Application of spatial transcriptomics, which allows the measurement of gene expression patterns of cells in their microenvironment, would also be of great interest for the analysis of epigenetic modifications. We have learned in the last decade that epigenetic changes are present in many complex human diseases, not only cancer. In many cases, there is no strong genetic variant driving these diseases. There is a huge potential for epigenetics to contribute to personalized patient management with respect to these diseases enable early detection, predict which treatment might be best suited for a patient and monitor the success of treatment or development of treatment resistance. To be fully appraised and clinically implemented, it will be important to include epigenetic analysis in clinical trials on a routine basis. The challenge comes from the cell type specificity of DNA methylation and epigenetic modifications in general, which will require isolation of specific cell types. This is associated with a substantial logistical effort, but might lead to completely novel insights and perhaps new targets for therapy.
Epigenetic tests might, in the near future, also allow us to better measure and monitor the exposure of individuals to substances that are potentially harmful to human health.

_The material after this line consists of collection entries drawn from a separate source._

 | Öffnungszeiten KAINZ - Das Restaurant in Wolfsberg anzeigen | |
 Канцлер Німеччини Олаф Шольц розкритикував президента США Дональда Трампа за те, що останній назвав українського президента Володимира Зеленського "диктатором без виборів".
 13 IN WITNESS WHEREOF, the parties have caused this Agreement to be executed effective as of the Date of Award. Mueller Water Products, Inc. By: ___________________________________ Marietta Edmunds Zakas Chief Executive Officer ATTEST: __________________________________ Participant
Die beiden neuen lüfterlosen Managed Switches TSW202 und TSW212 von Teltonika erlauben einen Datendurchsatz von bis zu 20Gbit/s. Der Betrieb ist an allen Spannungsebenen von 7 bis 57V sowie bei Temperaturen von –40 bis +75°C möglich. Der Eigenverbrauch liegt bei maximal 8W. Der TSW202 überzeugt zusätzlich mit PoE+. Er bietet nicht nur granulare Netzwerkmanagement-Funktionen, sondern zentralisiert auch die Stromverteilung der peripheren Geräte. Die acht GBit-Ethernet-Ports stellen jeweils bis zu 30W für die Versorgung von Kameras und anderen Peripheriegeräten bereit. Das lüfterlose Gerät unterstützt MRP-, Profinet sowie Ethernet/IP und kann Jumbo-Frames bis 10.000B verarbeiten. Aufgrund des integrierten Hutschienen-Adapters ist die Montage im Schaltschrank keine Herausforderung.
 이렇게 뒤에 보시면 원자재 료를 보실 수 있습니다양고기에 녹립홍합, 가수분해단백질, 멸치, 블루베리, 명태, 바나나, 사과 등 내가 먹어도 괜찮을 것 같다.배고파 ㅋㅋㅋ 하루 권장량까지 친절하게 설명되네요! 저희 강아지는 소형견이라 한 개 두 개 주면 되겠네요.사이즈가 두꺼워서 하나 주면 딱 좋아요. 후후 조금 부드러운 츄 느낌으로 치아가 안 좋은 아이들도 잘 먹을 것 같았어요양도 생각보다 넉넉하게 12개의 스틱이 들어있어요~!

On the other hand, we might get a scientifically-supported handle to keep the epigenome in a healthy state. Interventions like these, like modifying the microbiome, have attracted some interest, but the interactions between the microbiome and epigenome are still poorly understood.

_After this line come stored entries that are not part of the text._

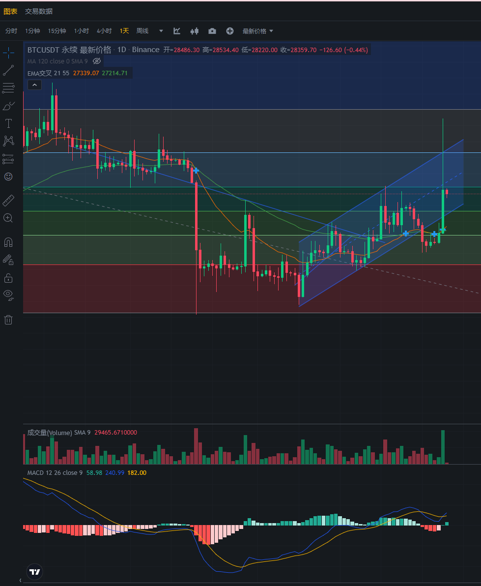大饼昨日在受到假消息美国证券交易委员会(SEC)通过大饼ETF后迅速上涨,一度上涨到30000,而很快回落到28000附近。从MACD日线来看,现在完全进入多头趋势,同时大饼再次进入蓝色上涨趋势线,目前按照预期上涨结束,接下来将是震荡下跌,建议可以入仓空单。要注意白天的下跌回调,注意晚上SEC公布是否继续延迟大饼的ETF,目前来看大概率延迟 。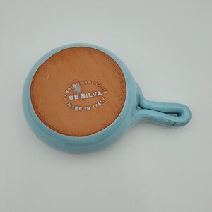 De Silva Blue Terracotta Handled Soup Chili Chowder Bowl, Baking Oven Pottery Dish. Excellent pre-owned condition. 5.75" round, 2" tall, 8.5" long including the handle.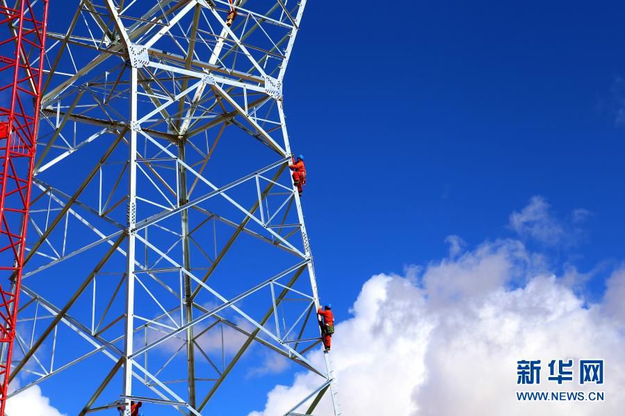 在西藏日喀则市聂拉木县,施工人员在西藏阿里与藏中电网联网工程线路7标段进行塔上作业(4月16日摄)。新华社发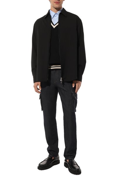 Слегка зауженные темно-синие джинсы с отворотами сшили вручную из мягкого премиального денима. Ткань соткали на традиционных станках, очень плотно стягивающих нити, поэтому она получилась особенно прочной. Лаконичную модель с прорезными задними карманами дополнили эластичной вставкой на поясе, чтобы сделать посадку на та лии максимально комфортной.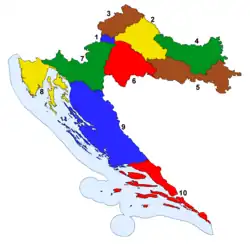 Since 1999 Croatia has been divided into 10 Croatian Parliament electoral districts, named using Roman numerals. These districts are roughly based on geography, but shaped according to the number of voters so that each district holds roughly the same number of registered voters, around 400,000.[22] These districts therefore do not correspond to the borders of top administrative divisions within Croatia and each district contains one or more or parts of several Croatian counties.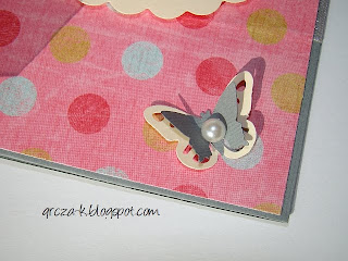 Jakiś czas temu zapragnęłam mieć piękny mini zeszycik żeby móc zapisywać w nim moje pomysły na mapki kartkowe. Pomysł na jego wykonanie znalazłam u Kristiny - ja częściej jej tutoriale oglądam na youtubie. Wszystko już było przygotowane, ale nie wiedziałam jak połączyć jego kartki tak żebym miała łatwy dostęp. Teraz się udało. Jestem bardzo zadowolona, mam wreszcie swój "magiczny" notesik.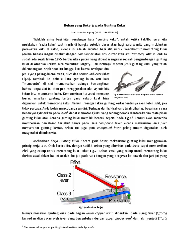 Gunting kuku merupakan pesawat sederhana contoh pesawat sederhana tuas atau pengungkit jenis i karena titik tumpu berada diantara titik. Gunting kuku yaitu aib satu peralatan fisika. Baskom berisi air hangat40-42ºC 1 buah.

5. In one of your recent review articles, you mention the future prospect of “epigenetic editing”, analogous to genetic editing using CRISPR/Cas9. How far away do you think we are from medical interventions using epigenetic modification techniques? What will it take to get to that point?
Epigenetic editing is an intriguing recent development in the field of epigenetics. It allows us for the first time to specifically alter the epigenomic landscape at specific loci and interrogate the functional relevance of epigenetic changes in a biomedical context, such as a disease. For the moment, epigenetic editing is mainly used for in vitro experiments aimed at reproducing an epigenetic state associated with a phenotype, although some experiments have been performed in animal models. Clinical applications, especially in diseases without strong genetic drivers, might be possible in the future. However, there are still many open questions for application to complex organisms such as humans with their multiple cell types. Delivery methods, efficiency of the editing steps, stability of the induced changes and the reaction of the cellular microenvironment are among the many challenges. In non-lethal diseases – or diseases for which other treatment regimens already exist – the risks and benefits need to be carefully balanced. These tasks are indeed complex as the redundant multi-layered epigenomic landscape will require a well-planned and rational approach to identify the “Achilles’ Heel” of the epigenome and avoid compensatory mechanisms for obtaining measurable and durable results. Much work on the hierarchy of epigenetic modifications and improved strategies are required before epigenetic editing might enter clinical routine, but the progress in this field has so far been breathtakingly rapid.